• Directions:
Beginning at the line that contains "Удлиненный сарафан прямого", reproduce the entries below exactly, ending with the line that contains "Teljes hossz: 173,4". Omit each picture.

Data excerpts:

[Start of section]

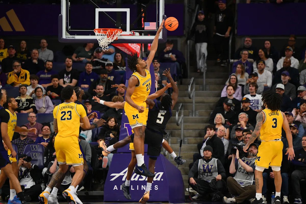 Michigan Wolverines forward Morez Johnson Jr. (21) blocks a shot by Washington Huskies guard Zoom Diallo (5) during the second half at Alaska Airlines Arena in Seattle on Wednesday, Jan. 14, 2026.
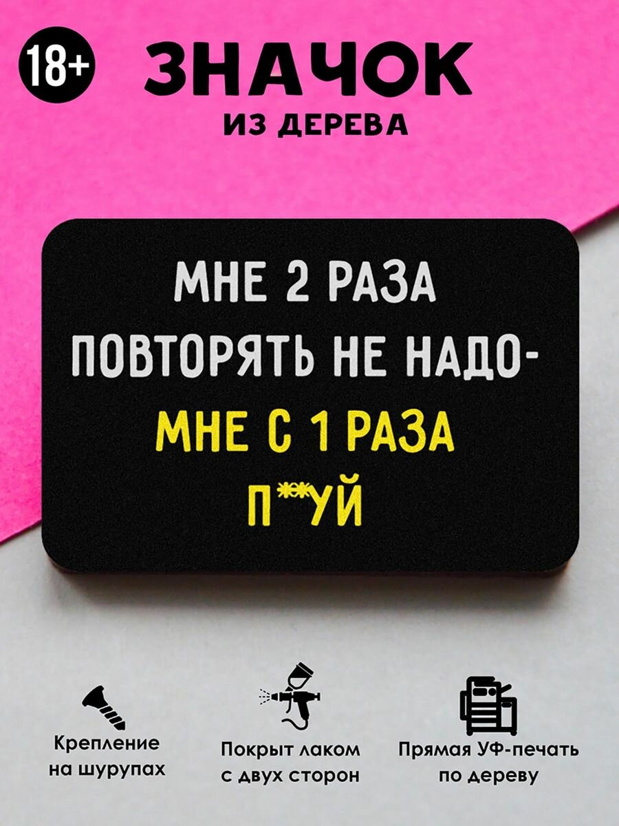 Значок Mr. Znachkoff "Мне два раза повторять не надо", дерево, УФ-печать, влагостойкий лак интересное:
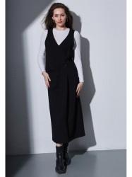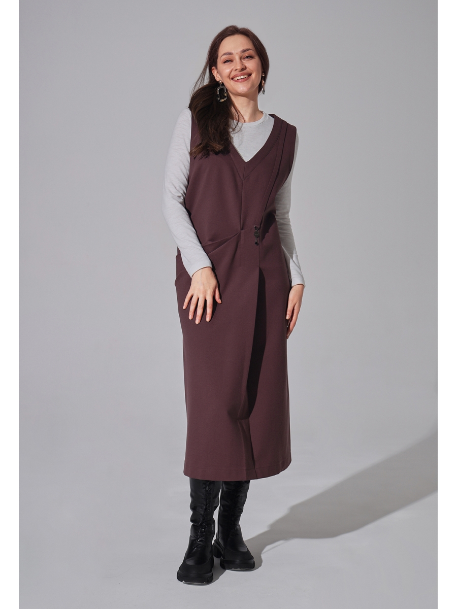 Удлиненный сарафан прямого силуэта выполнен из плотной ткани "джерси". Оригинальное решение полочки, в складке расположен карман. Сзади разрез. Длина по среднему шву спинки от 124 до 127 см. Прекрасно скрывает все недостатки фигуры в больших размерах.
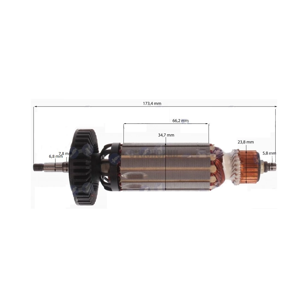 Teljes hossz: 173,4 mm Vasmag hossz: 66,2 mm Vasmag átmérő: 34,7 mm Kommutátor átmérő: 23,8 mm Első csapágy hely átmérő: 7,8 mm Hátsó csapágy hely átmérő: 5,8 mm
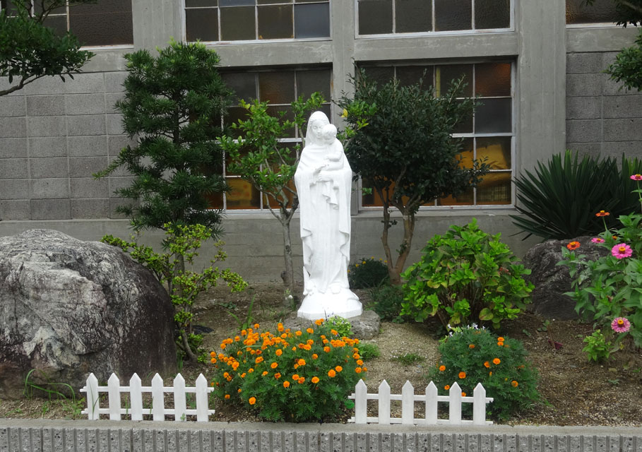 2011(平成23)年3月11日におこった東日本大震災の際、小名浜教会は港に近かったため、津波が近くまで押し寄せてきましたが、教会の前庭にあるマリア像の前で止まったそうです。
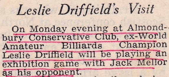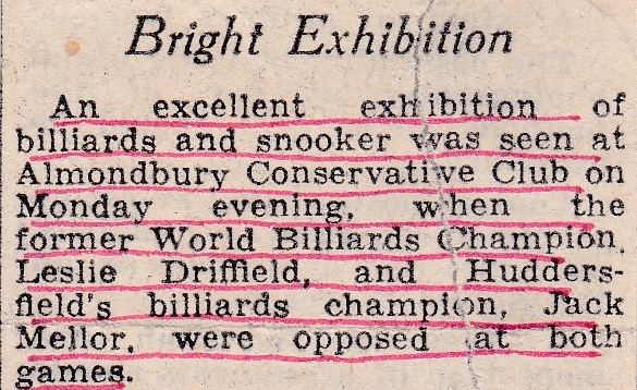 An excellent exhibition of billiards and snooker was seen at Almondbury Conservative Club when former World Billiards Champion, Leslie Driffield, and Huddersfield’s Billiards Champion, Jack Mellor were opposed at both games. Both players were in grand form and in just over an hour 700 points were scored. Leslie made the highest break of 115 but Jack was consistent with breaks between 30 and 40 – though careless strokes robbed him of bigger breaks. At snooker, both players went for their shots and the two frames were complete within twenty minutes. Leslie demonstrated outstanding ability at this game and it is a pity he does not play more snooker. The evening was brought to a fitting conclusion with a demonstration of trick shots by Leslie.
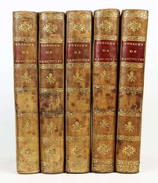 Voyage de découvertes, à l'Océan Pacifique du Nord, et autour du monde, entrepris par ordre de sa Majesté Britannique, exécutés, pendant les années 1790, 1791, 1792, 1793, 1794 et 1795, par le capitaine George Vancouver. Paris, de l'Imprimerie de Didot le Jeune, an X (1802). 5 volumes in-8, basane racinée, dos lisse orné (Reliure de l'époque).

[End of section]

• Your solution:
 Удлиненный сарафан прямого силуэта выполнен из плотной ткани "джерси". Оригинальное решение полочки, в складке расположен карман. Сзади разрез. Длина по среднему шву спинки от 124 до 127 см. Прекрасно скрывает все недостатки фигуры в больших размерах.
 Teljes hossz: 173,4 mm Vasmag hossz: 66,2 mm Vasmag átmérő: 34,7 mm Kommutátor átmérő: 23,8 mm Első csapágy hely átmérő: 7,8 mm Hátsó csapágy hely átmérő: 5,8 mm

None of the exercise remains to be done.